Neuronal activity plays a critical role in regulating development of the central nervous system. In general, neuronal excitation is known to promote maturation of immature developing neurons [1, 2]. Imoto et al. (2017) recently reported a distinct activity-dependent regulation of neuronal maturation in the adult mouse brain [3]. The authors have demonstrated that electroconvulsive stimulation (ECS) changes the phenotype of mature granule neurons in the hippocampal dentate gyrus to immature-like one. The phenotypic changes caused by ECS included a strong decrease in the expression level of mature neuronal markers, suppression of stimulus-induced expression of immediate early genes, and emergence of immature-like electrophysiological properties such as higher excitability. Single ECS rapidly induced some of these “demature” phenotypes via activation of glutamate NMDA receptors, and repeated stimulation established the robust and long-lasting phenotypic changes. After the period of repeated ECS, augmentation of GABAA receptor-mediated inhibition by diazepam facilitated recovery to the initial matured state, suggesting that stimulus-independent endogenous neuronal activity supports the demature phenotype. The authors concluded that brief neuronal activation by ECS induces dematuration of the fully matured granule neurons and that the enhanced excitability maintains their demature state probably in a cell-autonomous manner.

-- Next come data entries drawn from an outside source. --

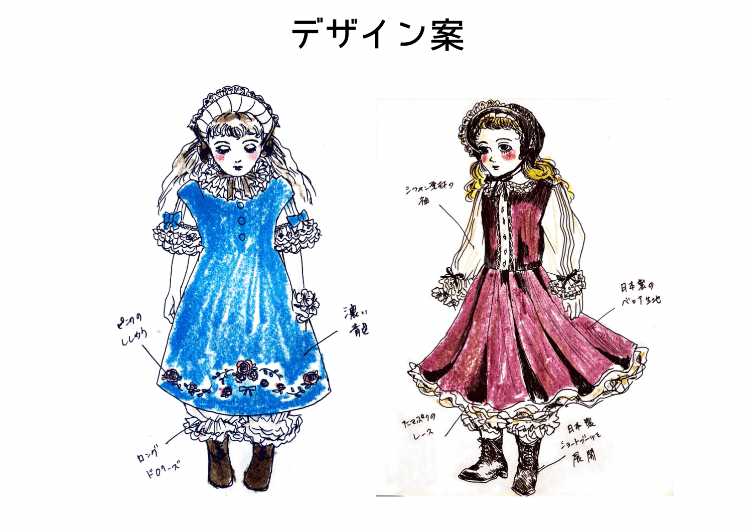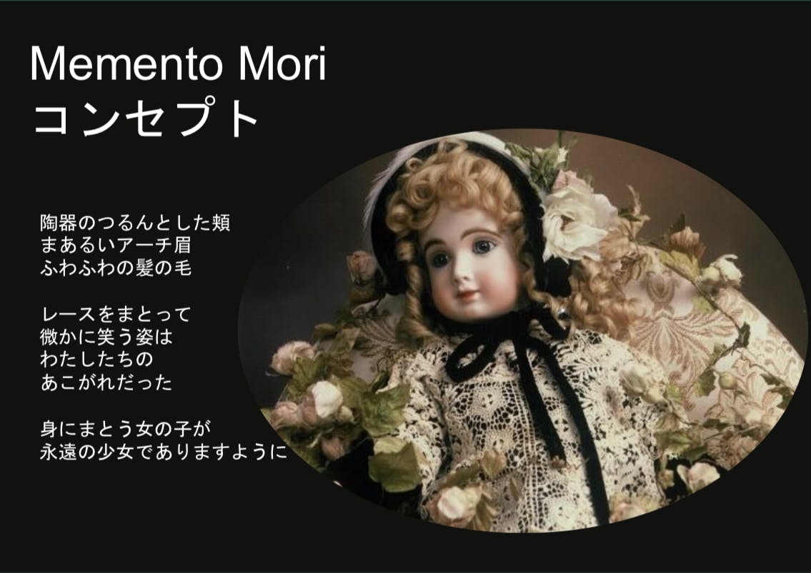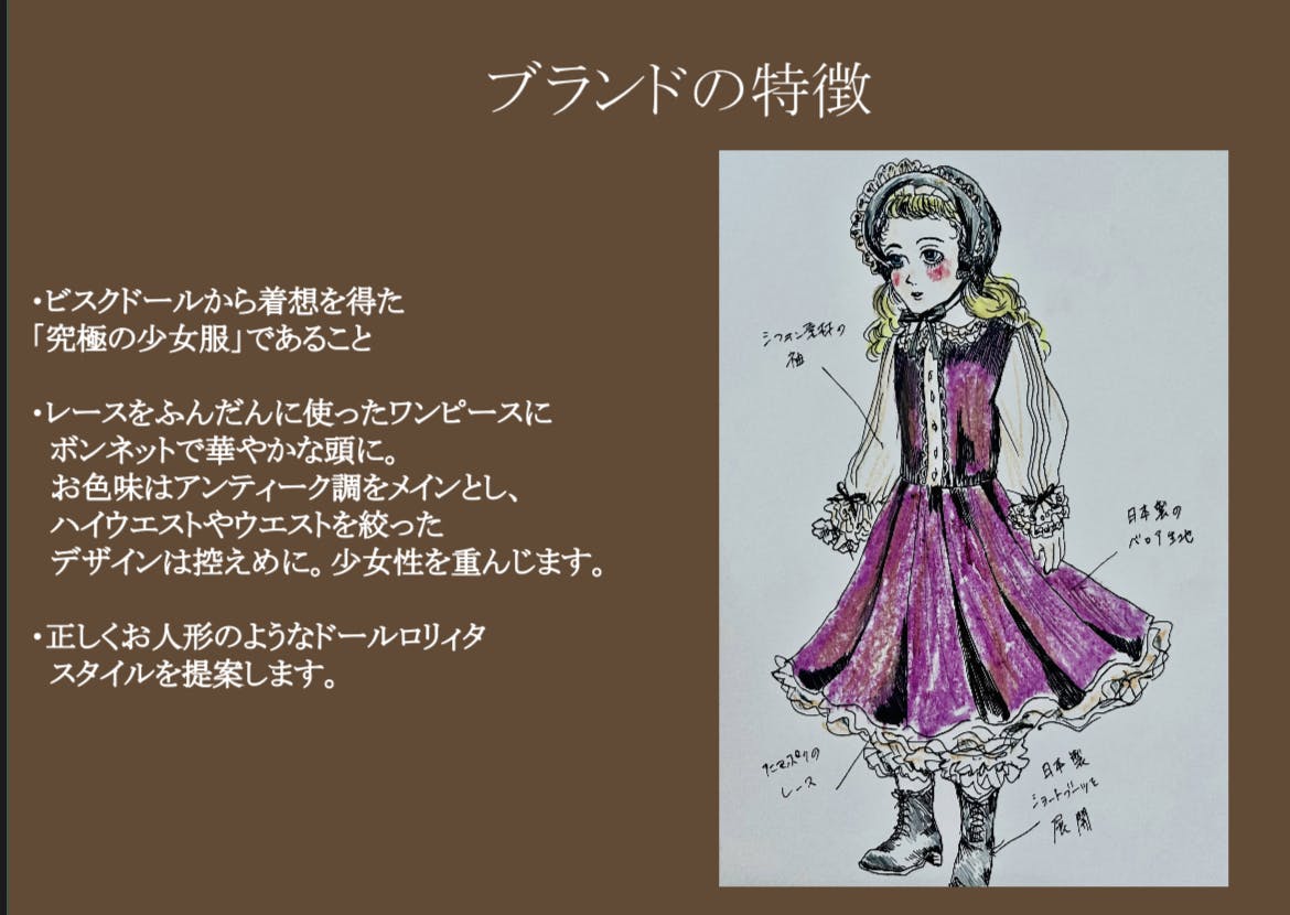 わたしが考え理想とする究極のロリィタファッションとは、お人形です。西洋のビスクドールのメイク、ヘアスタイル、シルエット。すべてが少女性を追求したものです。そこに日本製の良さを加えます。日本製であると日本人のサイズ感によく合い、日本の生地とミシンの相性も良く、素晴らしい仕上がりになると考えます。ありそうでなかったドールロリィタファッションというものを掲げ、新しいロリィタスタイルを作り上げ提案したいです。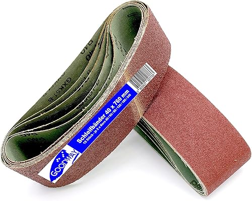 Gewebe-Schleifbänder │ 12 Stück │ 40 x 760 mm │ je 2 x Korn 40/60/80/120/180/240 │ kompatibel mit Bandfeilen │ Schleifpapier │ Schleifband-Mixpack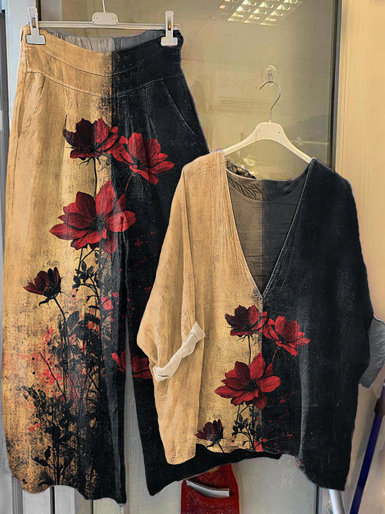 Women's Retro Rose Flower Art Printed V-Neck Top Wide-Leg Pants Cotton Linen Suit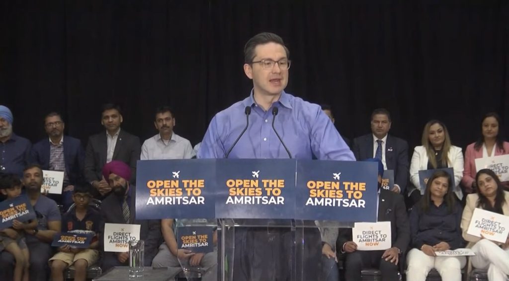 ਬੀਤੇ ਦਿਨੀਂ ਕੰਜ਼ਰਵੇਟਿਵ ਪਾਰਟੀ ਦੇ ਨੇਤਾ ਪੋਇਲੀਵਰ ਨੇ ਓਨਟਾਰੀਓ ਸੂਬੇ ਦੇ ਸ਼ਹਿਰ ਬਰੈਂਪਟਨ ਵਿੱਚ ਆਪਣੀ ਪਾਰਟੀ ਵਲੋਂ ਕਰਵਾਏ ਗਏ ਇੱਕ ਭਰਵੇਂ ਸਮਾਗਮ ਵਿੱਚ ਕੈਨੇਡਾ ਦੀ ਮੌਜੂਦਾ ਸਰਕਾਰ ‘ਤੇ ਨਿਸ਼ਾਨਾਂ ਸਾਧਦਿਆਂ ਕਿਹਾ ਕਿ ਪੰਜਾਰੀ ਭਾਈਚਾਰਾ ਲੰਮੇ ਸਮੇਂ ਤੋਂ ਕੈਨੇਡਾ ਅਤੇ ਅੰਮ੍ਰਿਤਸਰ ਦਰਮਿਆਨ ਸਿੱਧੀਆਂ ਉਡਾਣਾਂ ਸ਼ੁਰੂ ਕਰਨ ਵਿੱਚ ਸਰਕਾਰ ਵਲੌਂ ਸਹੂਲਤ ਕਰਨ ਦੀ ਮੰਗ ਕਰ ਰਿਹਾ ਹੈ। ਪਰ ਕਈ ਸਾਲਾਂ ਬਾਅਦ ਵੀ, ਲਿਬਰਲ ਸਰਕਾਰ ਇਸ ਮੰਗ ਨੂੰ ਪੂਰਾ ਕਰਨ ਵਿੱਚ ਅਸਫਲ ਰਹੀ ਹੈ।

Electroconvulsive stimulation is an animal model of electroconvulsive therapy for psychiatric disorders including depression. Chronic administration of the antidepressant fluoxetine has also been shown to induce dematuration of the dentate granule cells in adult mice [4]. Both ECS and fluoxetine can strongly enhance monoaminergic modulation at the granule cell output synapse in adult mice as well [4-6]. These marked similarities between the effects of ECS and fluoxetine suggests that altered functioning of the mature dentate granule cells is commonly involved in the cellular mechanisms of physical and chemical antidepressant treatments. Electroconvulsive therapy has fast-acting antidepressant effects and is effective in medication-resistant patients. Similarly, ECS can more rapidly and reliably induce dematuration of the granule cells as compared with fluoxetine [3, 4]. In addition, excessive dematuration is associated with aberrant behavior resembling antidepressant-induced mania [7]. Therefore, the granule cell dematuration well models both therapeutic effects and adverse reaction of antidepressant treatments.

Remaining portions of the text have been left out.